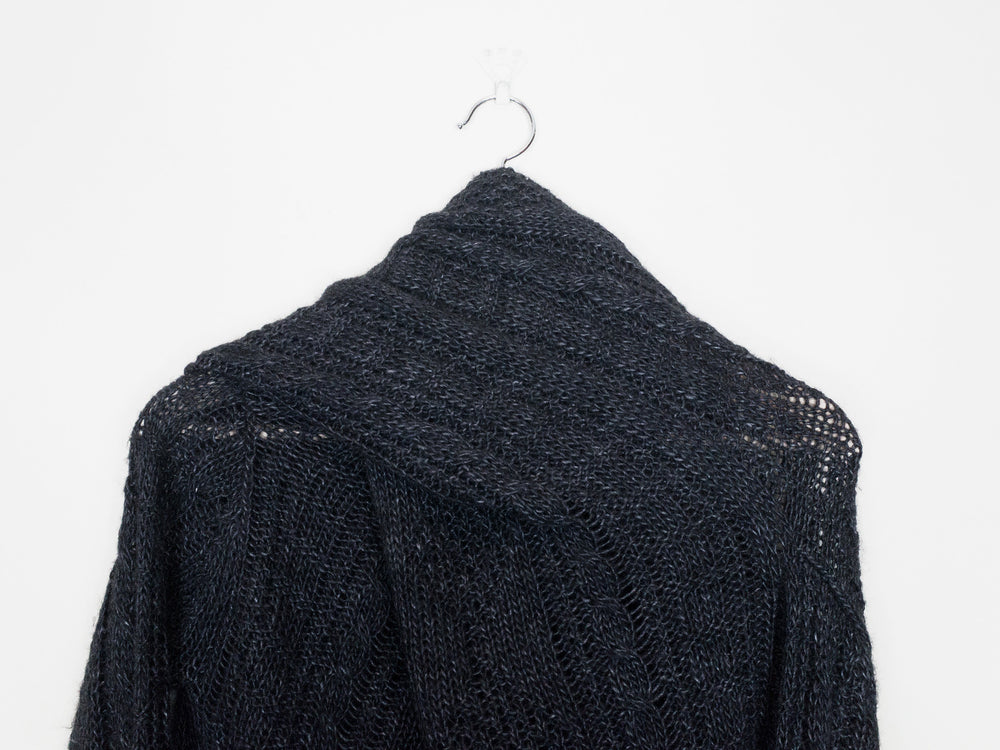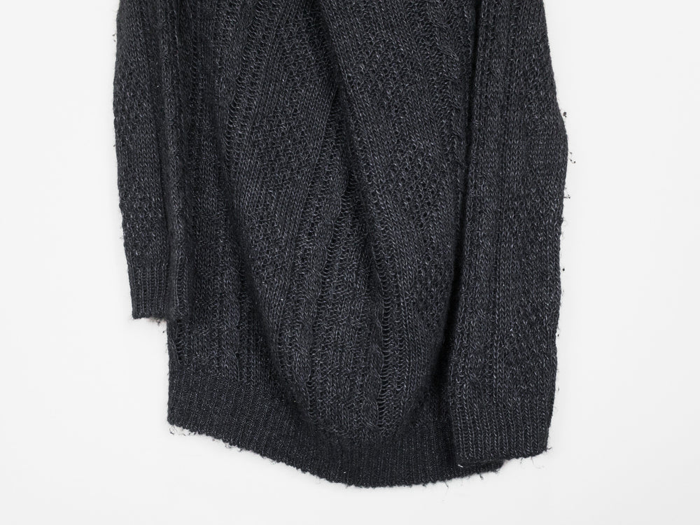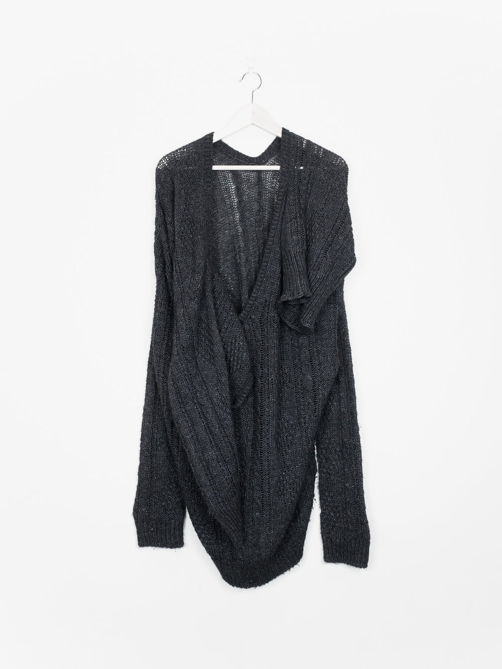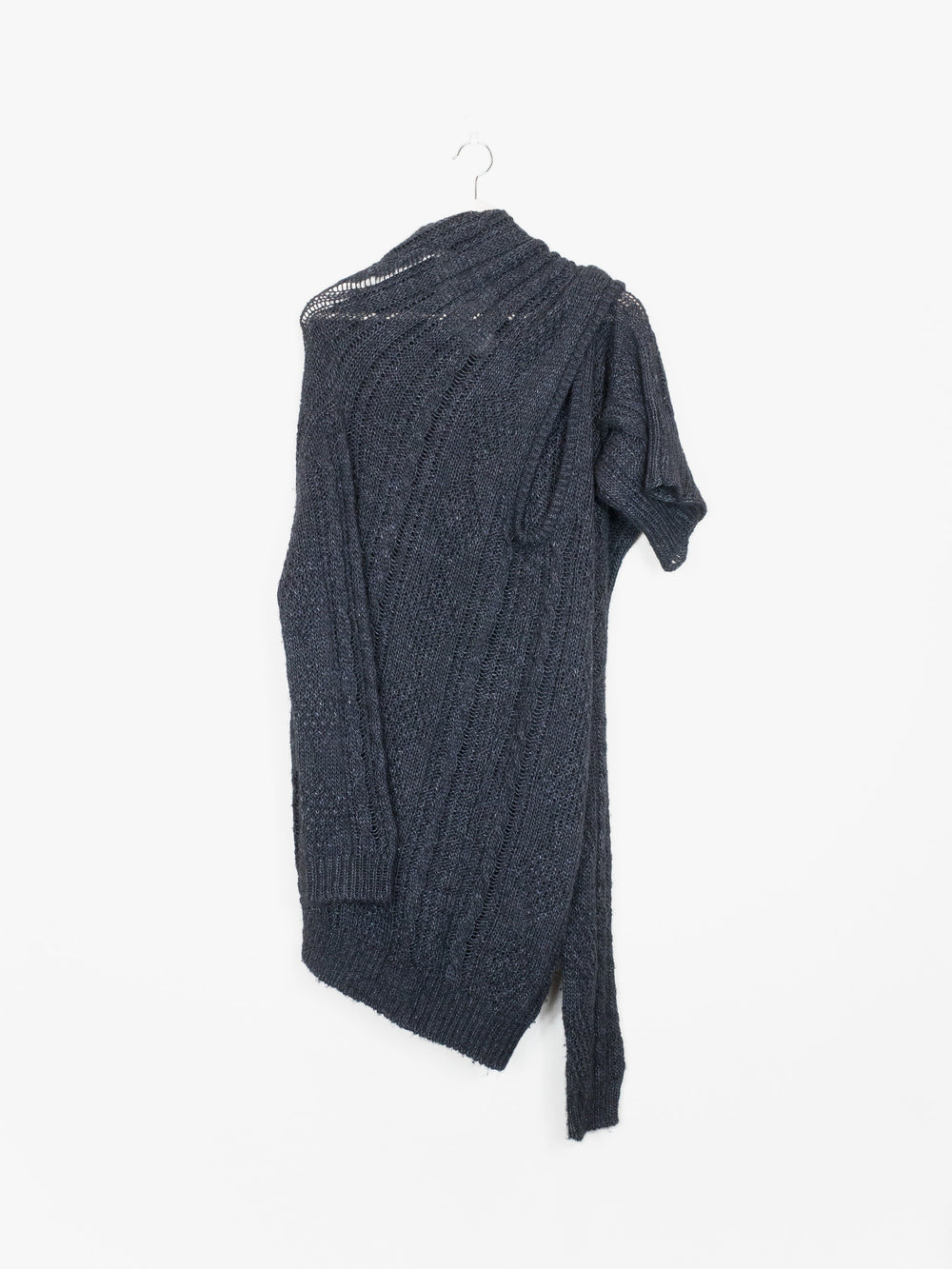 Grey This loosely woven 65% Alpaca 35% Acrylic sweater showcases Yohji Yamamoto's signature deconstructionist sensibilities, being a complete abstraction from the form of a conventional sweater. It is cut with 4 arms and a huge neckline, leaving the choice of how to drape it on the body completely up to the wearer. Wrap the extra ones around your body or let them hang, drape the hood over your head as a shawl or hood, etc, This piece is so much fun--a super playful and comfortable variation on the gray knit sweater.
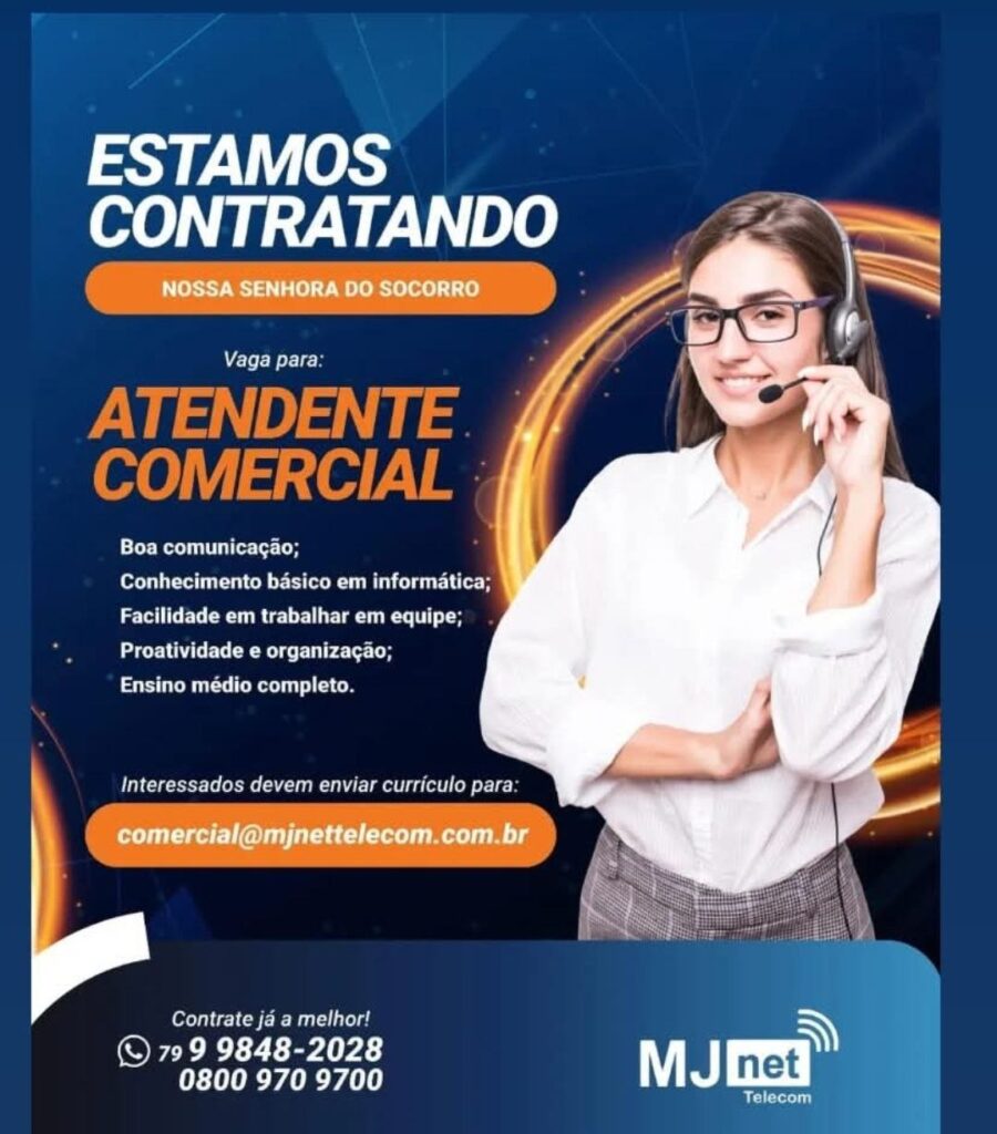 A MJ Net Telecom está com vaga aberta para o cargo de atendente comercial em Nossa Senhora do Socorro.
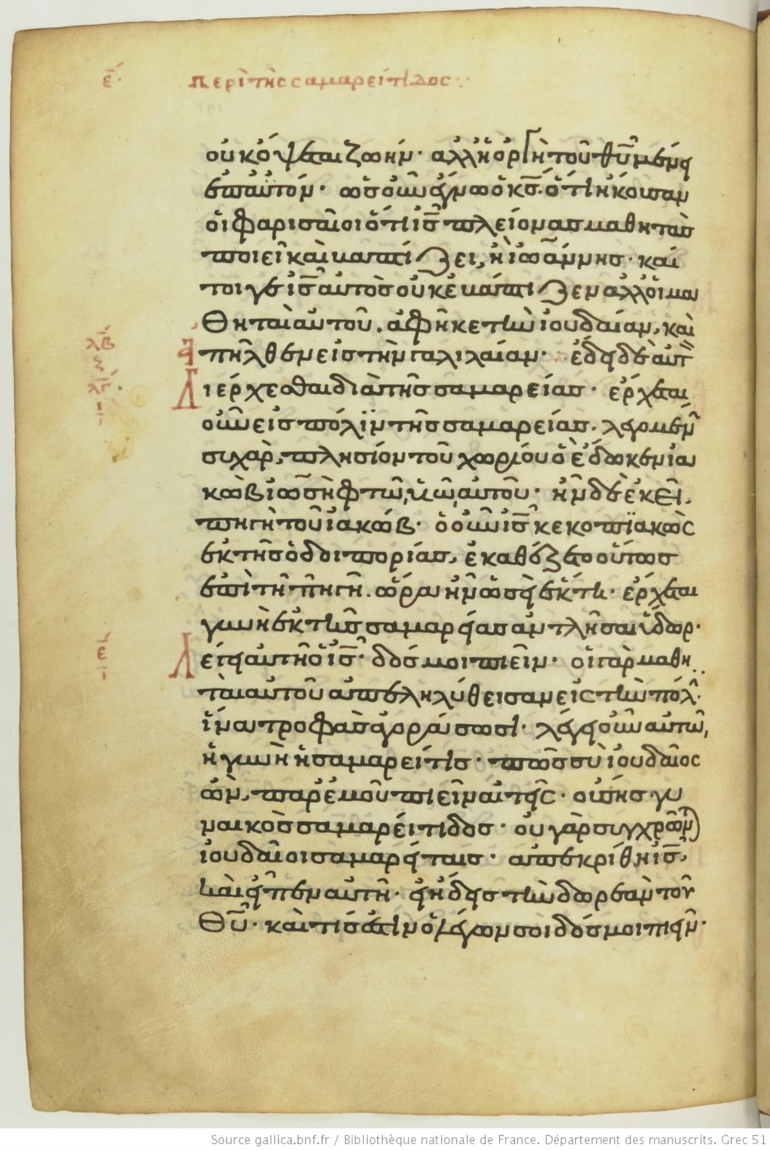 ἔρχεται οὖν εἰς πόλιν τῆς Σαμαρίας / Σαμαρείας λεγομένην Συχὰρ πλησίον τοῦ χωρίου ὃ ἔδωκεν Ἰακὼβ τῷ Ἰωσὴφ τῷ υἱῷ αὐτοῦ·
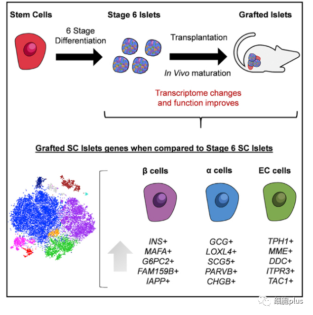 研究表明移植的PEC-01細(xì)胞產(chǎn)生胰島素(藍(lán)色)、胰高血糖素(紅色)和生長抑素(綠色)。
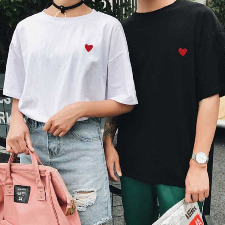 summer new love embroidery t-shirt couple vintage tshirt short sleeve streetwear black tee shirt clothes top aesthetics size y2k
━━━━━━━━━━
What the exercise asks » Where a picture appears, omit it, and otherwise retype the material exactly.

Task solution »
 Grey This loosely woven 65% Alpaca 35% Acrylic sweater showcases Yohji Yamamoto's signature deconstructionist sensibilities, being a complete abstraction from the form of a conventional sweater. It is cut with 4 arms and a huge neckline, leaving the choice of how to drape it on the body completely up to the wearer. Wrap the extra ones around your body or let them hang, drape the hood over your head as a shawl or hood, etc, This piece is so much fun--a super playful and comfortable variation on the gray knit sweater.
 A MJ Net Telecom está com vaga aberta para o cargo de atendente comercial em Nossa Senhora do Socorro.
 ἔρχεται οὖν εἰς πόλιν τῆς Σαμαρίας / Σαμαρείας λεγομένην Συχὰρ πλησίον τοῦ χωρίου ὃ ἔδωκεν Ἰακὼβ τῷ Ἰωσὴφ τῷ υἱῷ αὐτοῦ·
 研究表明移植的PEC-01細(xì)胞產(chǎn)生胰島素(藍(lán)色)、胰高血糖素(紅色)和生長抑素(綠色)。
 summer new love embroidery t-shirt couple vintage tshirt short sleeve streetwear black tee shirt clothes top aesthetics size y2k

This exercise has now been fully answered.